Friday, 9 November 2012

Apple in the PRM blender yet again

Regular readers will recognise that I have been following a Supply Risk Management train of thought for some weeks. Linked with that is a forthcoming debate piece in Public Money and Management - I hope you will find that interesting, particularly those in the public sector.

However, you will also recall that I have been considering the SRM implications for Apple and specifically the iPhone 5 (you can pick you the blog trail here and here). The SRM issues for Apple just don't seem to be going away - today we learn that the Chairman of Foxconn, a strategic supplier, has announced:
"We can't really fulfil Apple's requests. Our shipments are insufficient ... given the huge market demand"
 Shares in Apple have, not surprisingly, fallen!

Meanwhile what will happen with the supply chains and shares of Sony and Nokia?  Have they alternative sources of supply?
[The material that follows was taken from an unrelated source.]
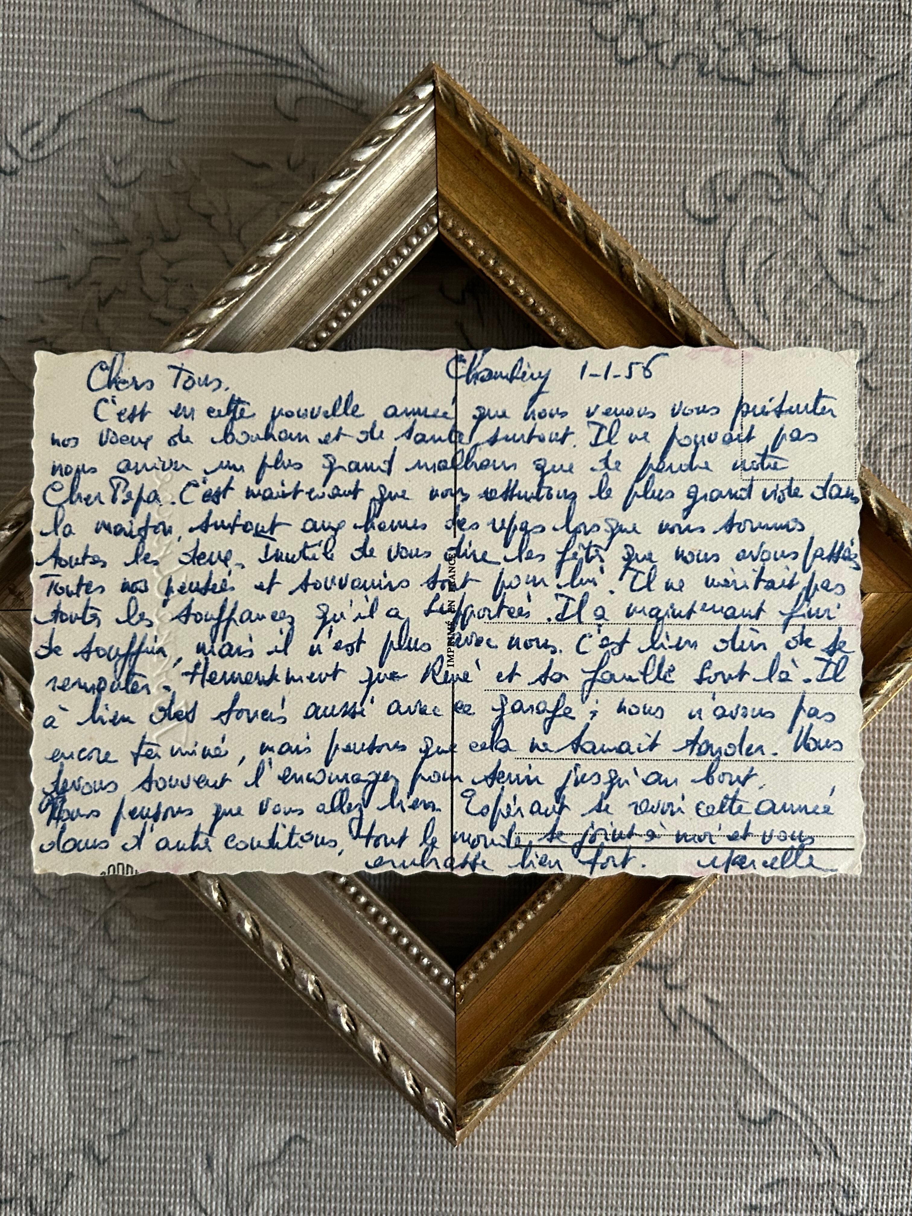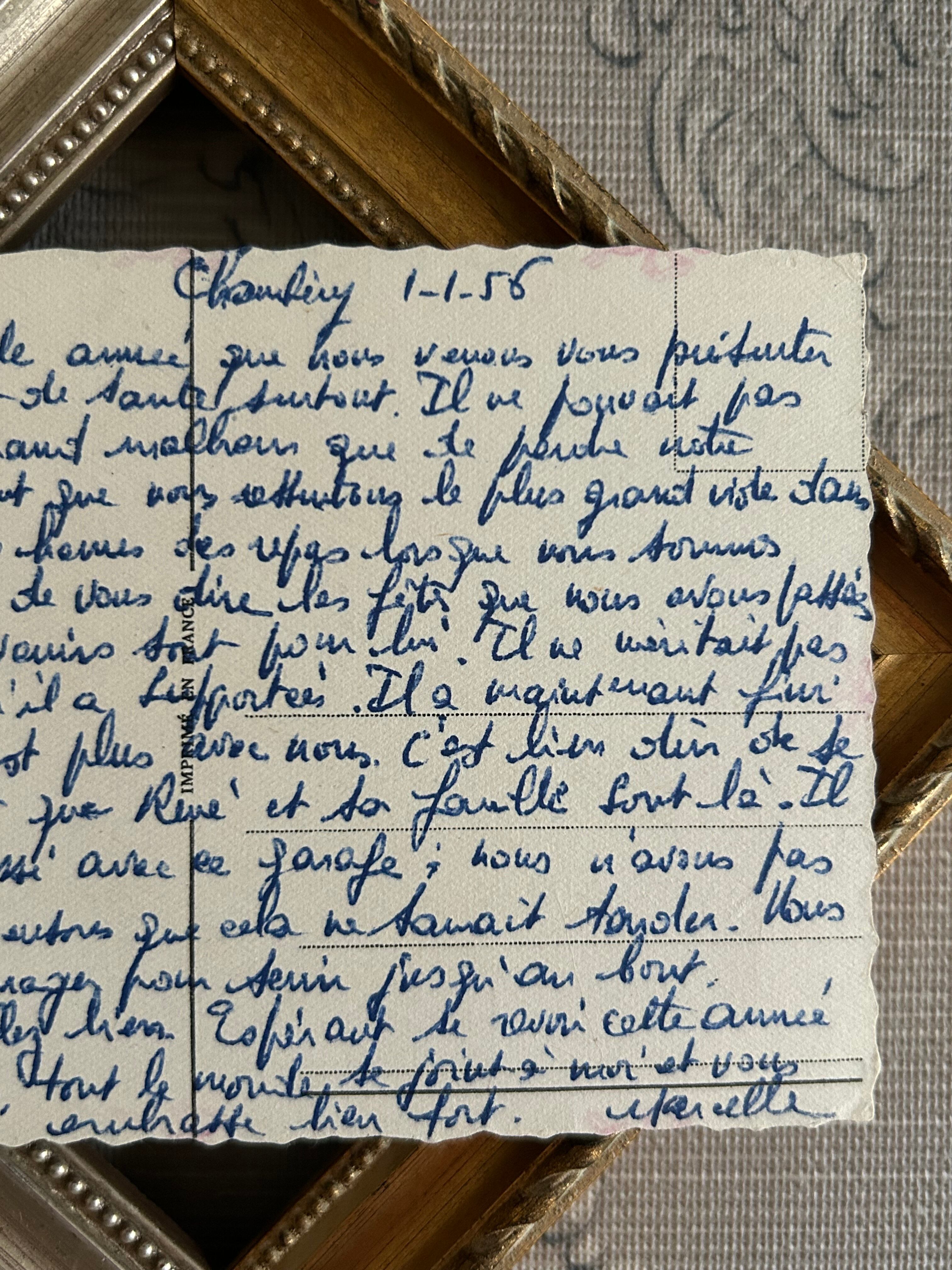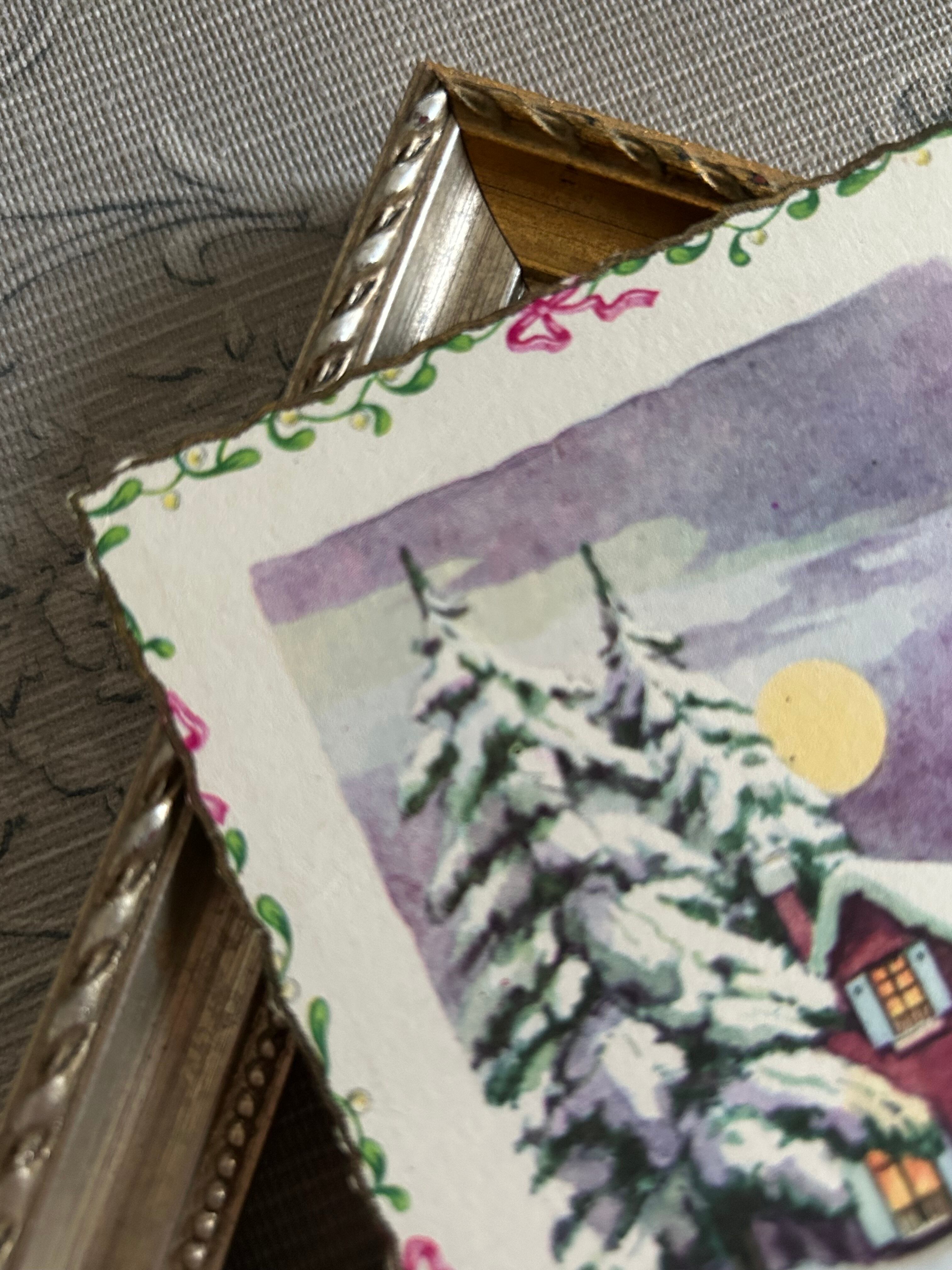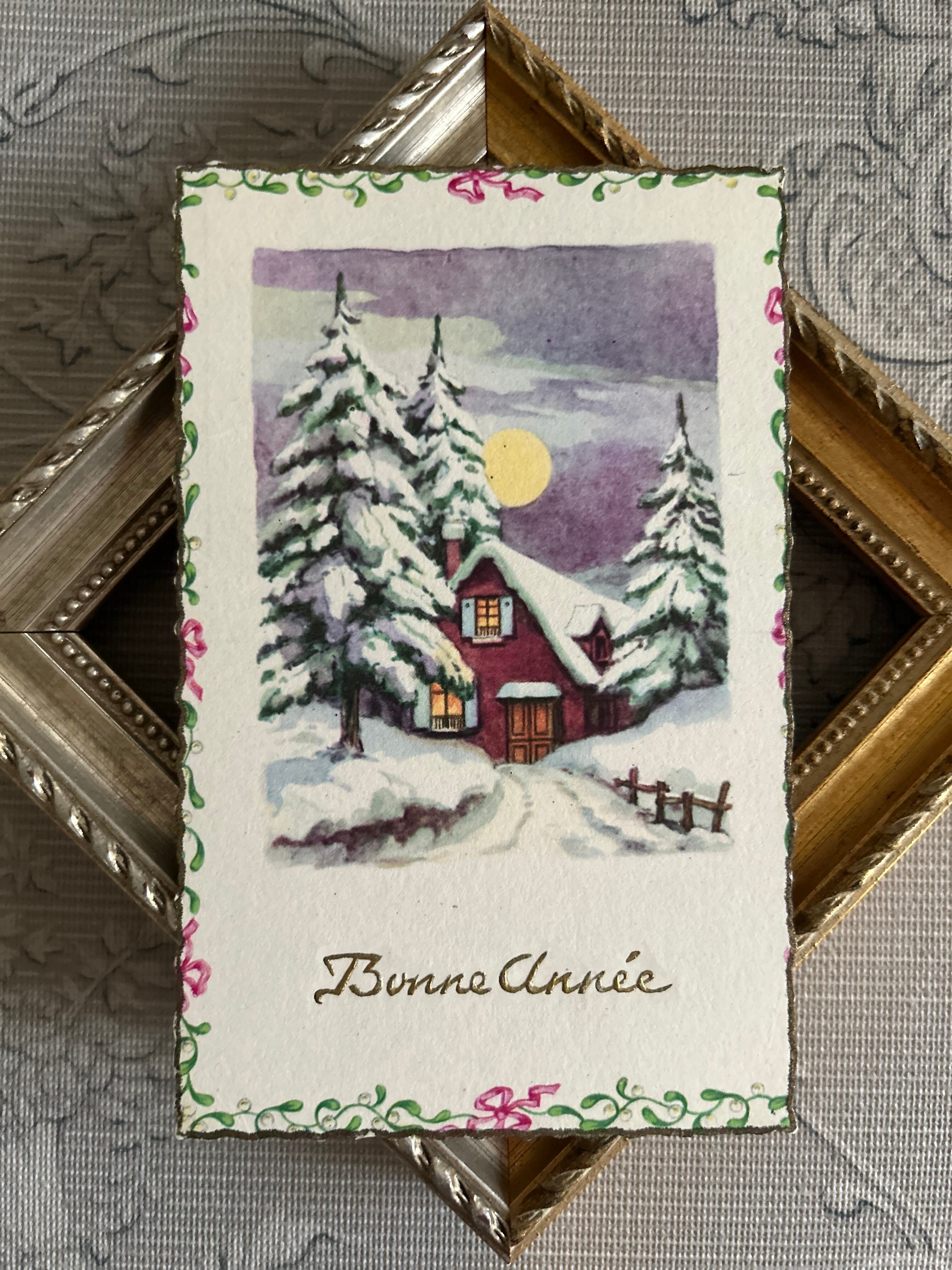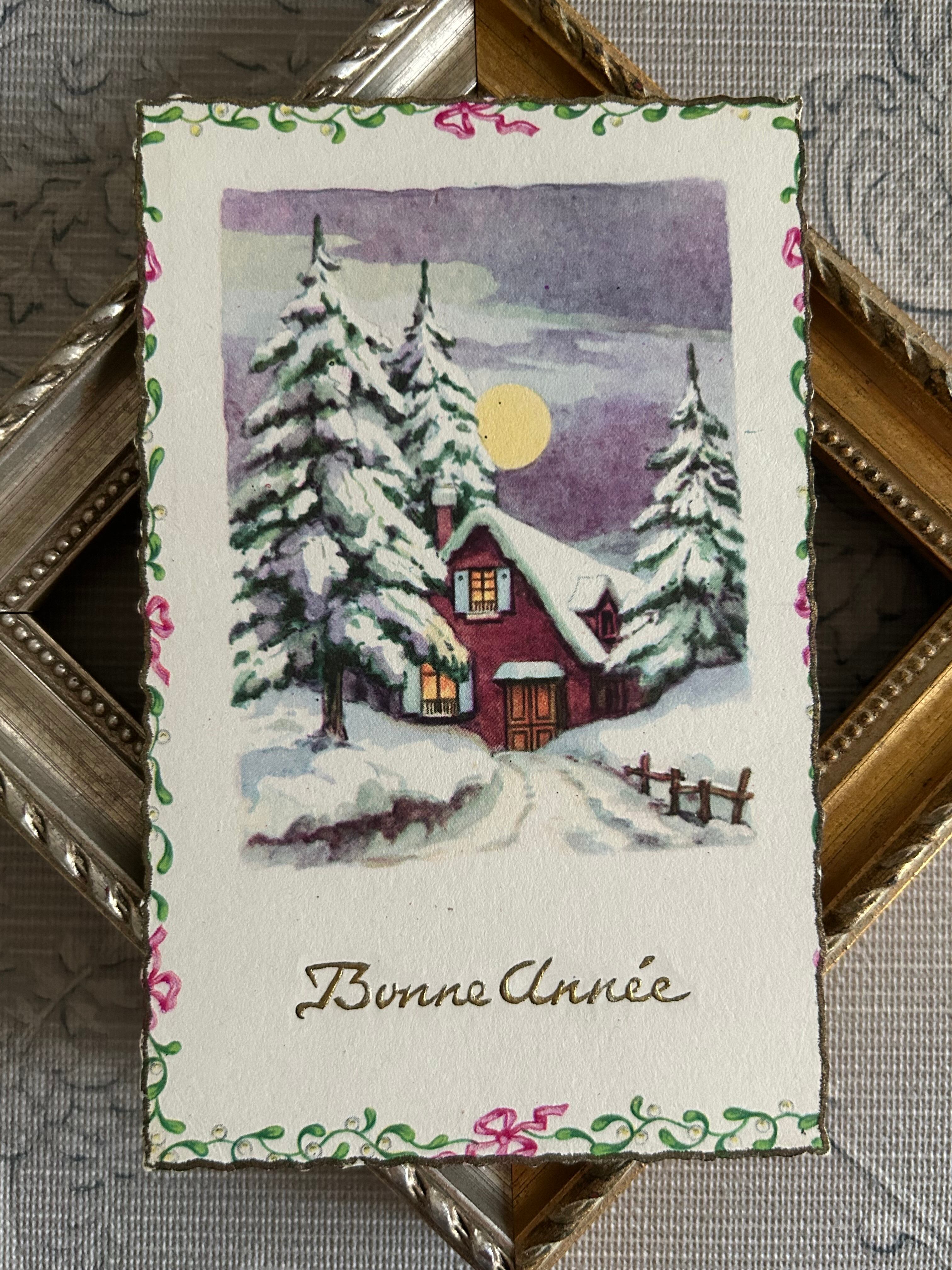 アンティークポストカード Bonne Anee 雪景色 月夜 ヤドリギ Ruban リボン 1956年 フランス 額装 インテリア コレクション

Who, in the customer pecking order, will Foxconn favour in terms of customer preference?  How will the various buyers, who compete in the marketplace and supply chain, have positioned themselves as preferred customer?  Which of the competitors has best positioned themselves in terms of SRM? While some believe that Foxconn has excess capacity elsewhere, what due diligence was completed on the basis of potential aggregated demand?

This is a fascinating saga which has implications right throughout the mobile technology world, but the lessons learnt should ring out for all CPOs.